Въехав на коне на вершину холма, за которым пряталась деревушка, он смотрел, как свершается огненное отмщение, задуманное и совершенное за муки Сильви. Впрочем, месть не была окончательной, ибо кара настигла пока одного из двух палачей, но всему свое время, и сейчас Франсуа чувствовал себя довольным.

Когда пламя чуть спало, он направился по склону к крестьянам, застывшим с шапками в руках. Они еще теснее прижались друг к другу, завидев, что к ним приближается герцог. Они были готовы пасть ниц перед ним, так им было страшно. Молодой герцог в окровавленной одежде, с почерневшим от дыма лицом не внушал им доверия, но он улыбался крестьянам, обнажая ослепительные зубы, а его светлые глаза утратили недавнюю жестокость.

— Когда огонь потухнет и остынет пепел, вы найдете останки сгоревших и захороните их по-христиански, — приказал он. — А все, что вы найдете, ваше.
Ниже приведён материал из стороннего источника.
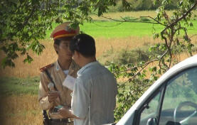 Sau khi cất tiền xong, hai cảnh sát này tiếp tục chặn xe, đồng hồ lúc này đă gần 7 giờ sáng. Thấy xe chúng tôi đậu trên lề đường quá lâu, một CSGT bước nhanh đến quát: “Đi nhanh mày”. Tài xế than: “Xe em hư chút, em sửa sắp xong rồi”. Có vẻ nghi ngờ, người cảnh sát này ḍm vô xe ô tô rồi bỏ đi”.

К самой холке коня герцога подошел старик. Это был деревенский староста.

2. ГАВАНЬ СПАСЕНИЯ

На следующий день — это было воскресенье — в пять часов утра скромная чета молодых горожан заняла места в почтовой карете, которая через неделю должна была доставить их к месту назначения, в Ренн. В муже — он был в камзоле из плотного серого сукна, который украшал отложной воротник из белого голландского полотна, в тяжелых башмаках с пряжками и черной шляпе с круглой тульей — никто не узнал бы Пьера де Гансевиля, элегантного конюшего герцога де Бофора. Он чувствовал себя весьма неуютно без своей шпаги: ее пришлось спрятать в сундук, привязанный на крыше кареты.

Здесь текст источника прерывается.